April 10, 2007 8 min read Download Report
Rea Hederman
Executive Director, Economic Research Center
Rea served as the Director off the Center for Data Analysis and was a Lazof Family Fellow.

The Senate's budget resolution assumes that the federal government will be able to raise tax revenues by reducing the "tax gap," the difference between taxes owed and taxes paid. While the resolution provides more money for IRS enforcement, it ignores the reality of the tax gap, which is that the complex and cumbersome tax code causes major compliance problems. By focusing on enforcement, the resolution ignores history and the bigger compliance problem and risks increasing IRS abuses. And because the budget resolution relies on revenues collected from the tax gap, the budget will not be in balance without hundreds of billions of dollars in other tax increases. If Congress wants to close the tax gap, it should focus on tax simplification.

A Brief History of the Tax Gap

The tax gap is the IRS's estimate of the difference between taxes voluntarily paid and taxes that should have been collected.[1] For example, a tax gap is created when individuals underreport income or improperly claim credits or deductions. The IRS uses a variety of models to estimate the tax gap but admits that its estimate may not be accurate due to a lack of data and outdated methodologies in its simulations.[2] The IRS estimates that the United States collects 83.7 percent of the total taxes due. After adjusting for delinquent taxes collected by existing compliance efforts, the IRS estimates that 86.3 percent of tax revenues are collected.[3]

This tax gap is not large by historical standards. Over the last several decades, the United States has collected between 81 percent and 84 percent of taxes due before compliance efforts.[4]

Most of the tax gap consisted of taxes owed by individual taxpayers, not corporations. The IRS estimates that 71 percent of the tax gap is in the individual income tax, 17 percent in employment tax, 2 percent in estate taxes, and only 9 percent in corporate taxes.

This is not the first time that the IRS has tried to reduce the tax gap. In 1993, the IRS set a goal of increasing taxpayer compliance to 90 percent by 2001.[5] This effort, called Compliance 2000, failed; the compliance rate remained within its historical range of 81 percent to 84 percent. Part of the reason this effort failed is that the tax code was not simplified; rather, the tax code became more complex as more credits and deductions were written into it. The IRS also determined that its models were inadequate to accurately measure the tax gap and guide compliance efforts.

Complexity of the Tax Code

One of the main reasons that the tax gap exists is that the tax code is too complex and confusing. Taxpayers receive conflicting advice from professional taxpayers and even IRS agents.[6] As a result, honest taxpayers contribute to the tax gap when they misunderstand tax regulations and file erroneous returns.

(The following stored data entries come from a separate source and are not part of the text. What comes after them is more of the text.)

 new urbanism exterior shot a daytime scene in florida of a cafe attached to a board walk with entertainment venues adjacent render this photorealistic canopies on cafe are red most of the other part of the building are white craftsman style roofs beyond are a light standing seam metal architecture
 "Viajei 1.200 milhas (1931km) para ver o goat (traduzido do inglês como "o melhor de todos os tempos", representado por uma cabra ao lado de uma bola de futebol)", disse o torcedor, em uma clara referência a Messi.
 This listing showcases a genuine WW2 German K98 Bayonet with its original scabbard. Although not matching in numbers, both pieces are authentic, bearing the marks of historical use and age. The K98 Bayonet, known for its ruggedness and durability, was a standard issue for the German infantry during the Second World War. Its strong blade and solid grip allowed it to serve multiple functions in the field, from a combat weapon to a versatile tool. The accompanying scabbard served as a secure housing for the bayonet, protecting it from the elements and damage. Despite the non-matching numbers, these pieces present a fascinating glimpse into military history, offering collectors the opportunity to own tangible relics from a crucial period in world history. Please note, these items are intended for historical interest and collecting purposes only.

The Government Accountability Office, the Treasury Department, and others have concluded that tax simplification is extremely important in reducing the tax gap. Over 10 percent of the tax gap is caused by taxpayers making mistakes in claiming improper deductions or credits. A simpler tax code, with lower marginal rates, would reduce this non-compliance. A simpler tax code would also reduce filers' ability to intentionally cheat on their tax returns, because there would be fewer complex tax provisions that would-be tax cheats could abuse. Other countries have simplified their tax system in an attempt to raise taxpayer compliance.[7]

Almost a third of the tax gap is caused by the underreporting of income from sole proprietorships, farmers, and cash-only contractors.[8] The latter group consists of dog walkers, handymen who remodel businesses on the side, babysitters, etc. It is very hard to track this group's income unless payers report their transactions. These groups also underreport wage income, contributing almost 20 percent to the tax gap.

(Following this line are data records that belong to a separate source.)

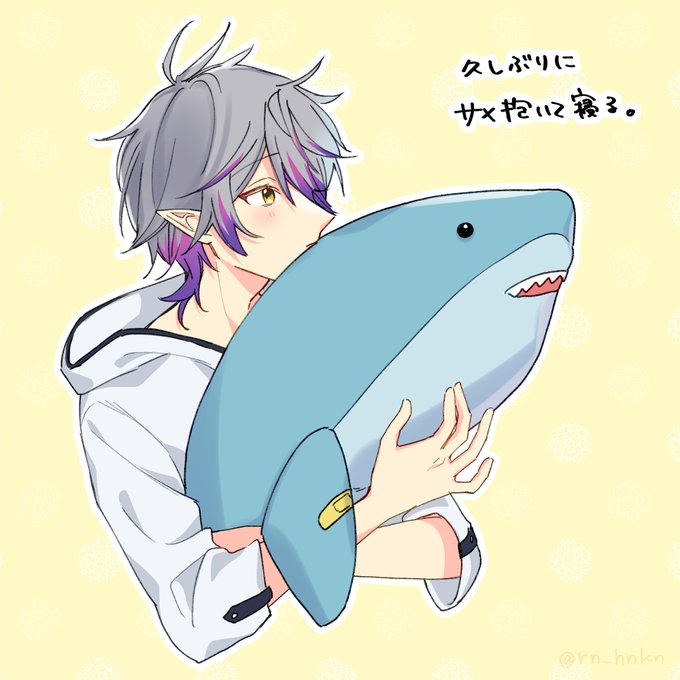 #ミハイラスト サメを抱いて寝るって…可愛いを詰めすぎ、では…???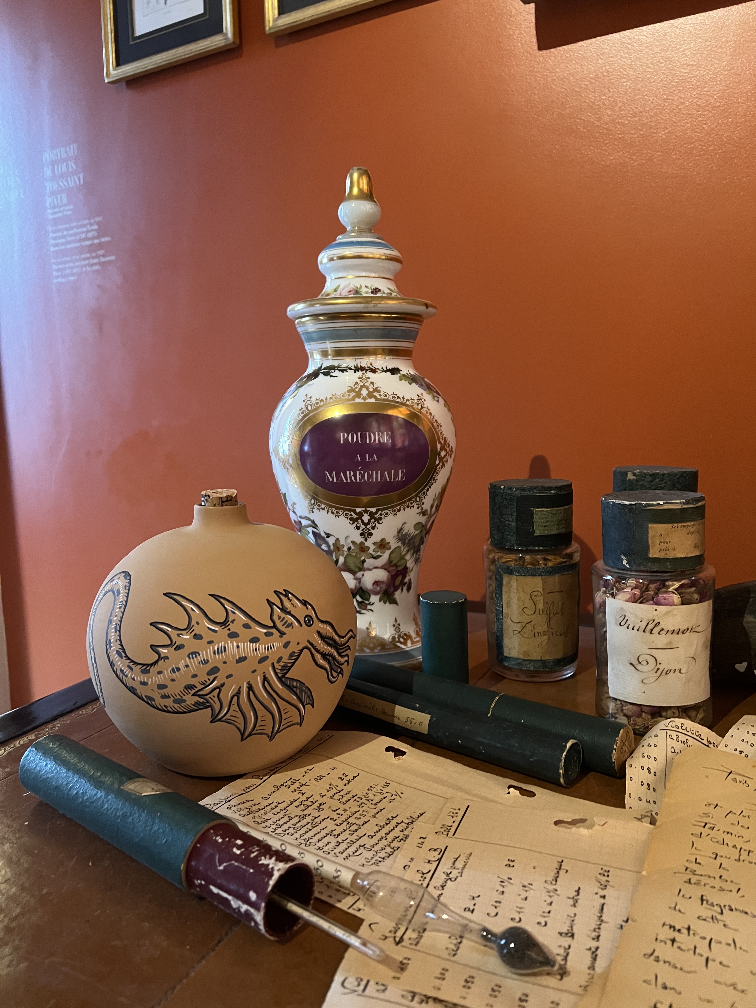 Dès l’entrée du Musée du Parfum Fragonard, les visiteurs sont accueillis par une galerie de portraits anciens, un rappel de l’histoire centenaire de la parfumerie. Le musée, situé dans un écrin somptueux du XIXe siècle, offre une plongée dans le monde du parfum, de ses ingrédients à ses flacons en passant par ses techniques traditionnelles. C’est ici que Codex Urbanus a choisi de poser ses Posca, créant une symbiose inattendue entre le street art contemporain et le patrimoine parfumé de Fragonard.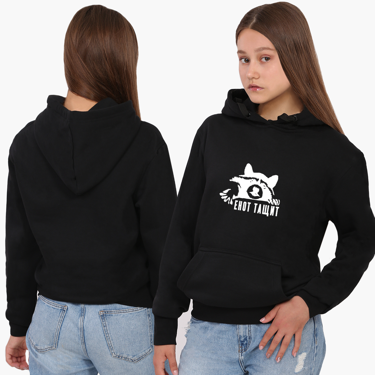 Худи женский Енот Тащит MobiPrint 8921-2049 черный. Толстовка выполнена с капюшоном и карманами спереди, которые называют "кенгуру". Худи отлично сочетается с любой одеждой, создавая разнообразные стильные образы! Он мягкий на ощупь, гипоаллергенный из качественного хлопкового материала с прочными волокнами полиэстера для износостойкости ткани. Для печати используется термопечать, при которой изображение наносится с помощью термопленки. Это позволяет наносить рисунки высокого качества. Изображения, при этом, получаются прочными, не трескаются под воздействием температуры, и при деликатной стирке долго сохраняют свой первоначальный вид.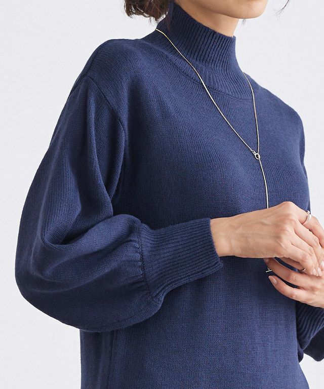 ボリュームのあるバルーンスリーブが旬をプラスし、女性らしい印象に仕上げてくれます。程よくゆとりがあり、体のラインを拾わずすっきり見えを叶えます◎顔回りもすっきり見せてくれるVネックと、上品な印象のハイネックから選べます。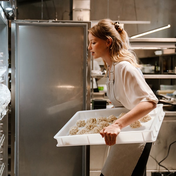 Auch durch Einfrieren lässt sich selbstgemachte Pasta haltbarmachen. Dazu müssen die Nudeln zunächst auf einem Backblech angefroren werden. Das Blech dazu leicht mit Hart- oder Weichweizengrieß bestreuen. Wie beim Trocknen kurze Pasta-Sorten mit genügend Abstand auf das Blech legen, längere Nudeln zu mehreren Nestern formen. Je nach Pasta-Form und Leistung des Tiefkühlgeräts dauert es etwa eine Dreiviertelstunde, bis die Nudeln durchgefroren sind. Nun können sie platzsparend in geeignete Dosen oder Gefrierbeutel verpackt werden.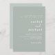 Moderne, schlicht, élégante Hochzeiteinladungskarte in einem Grau-Grün, Weiß. Editiere dein Produkt einfach in wenigen Minuten. Über "weiteres personalisieren" können Schriftart/Größe/Farbe und Position verändert werden.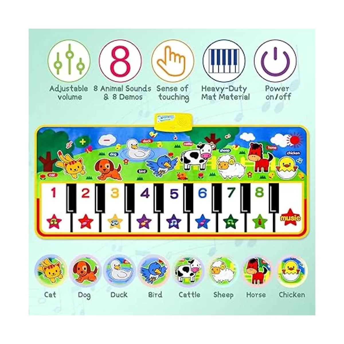M SANMERSEN Tapete para piano, 53 x 23 pulgadas, juguetes musicales para niños pequeños, tapete de juego táctil de piano con 8 sonidos de animales, tapete de baile con teclado de piano musical, juguetes educativos tempranos, regalo para niños y niñas de 1 a 5 años

Sole proprietorships and contractors are usually very small, with almost two-thirds of the 20 million small business tax filers reporting gross receipts of less than $25,000 per year.[9] These businessmen do not have the financial resources to pay for accountants to ensure full compliance with the complex tax code. Tax simplification would benefit these entrepreneurs by helping them meet their tax obligations in a cheaper, more efficient manner.

Potential for IRS Abuse

The Senate Budget Resolution provides $399 million for increased IRS enforcement.[10] The budget resolution's backers hope that the additional revenues collected as a result will greatly exceed the additional funding. In order to meet this expectation, IRS agents will face strong incentives to presume taxpayers guilty of tax avoidance and evasion. This can lead to taxpayer abuse as overzealous IRS agents audit taxpayers.[11]

Many of the taxpayers responsible for the tax gap are either working poor, who receive overpayment of the Earned Income Tax Credit, or small business owners. If the IRS targets these groups for audits, it will increase the burden on them. Even the working poor who legitimately receive the EITC and compliant small businesses will be caught up in the IRS dragnet: directed action against these groups will threaten both the law-breaking and the law-abiding.

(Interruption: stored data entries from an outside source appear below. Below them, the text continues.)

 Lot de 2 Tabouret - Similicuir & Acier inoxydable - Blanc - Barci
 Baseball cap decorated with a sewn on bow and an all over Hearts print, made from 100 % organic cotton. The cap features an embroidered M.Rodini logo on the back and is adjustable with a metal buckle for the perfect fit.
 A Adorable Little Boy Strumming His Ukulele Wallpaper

The dangerous consequences of setting unrealistic revenue goals are plain from recent history. As late as 1998, the specter of enforcement quotas dogged the IRS in both the press and on Capitol Hill. After a government study indicated that the Arkansas-Oklahoma IRS office had used enforcement quotas to compromise taxpayers' rights, then-Secretary of the Treasury Robert Rubin was led to remark that he was "seriously disturbed…that an emphasis on statistical goals and expectations could have affected taxpayers' rights to fair treatment and employees' rights to a fair evaluation system."[12] The IRS itself found that, as a result of these "statistical goals," there was an "over-emphasis on productivity" that "may have caused some employees to make sometimes serious mistakes of judgment."[13] Further investigation showed that this misconduct was not an aberration. Shortly before congressional hearings in January 1998, the IRS confessed that "offices across the country improperly treated revenue collection quotas with more importance than protecting the rights of taxpayers."[14]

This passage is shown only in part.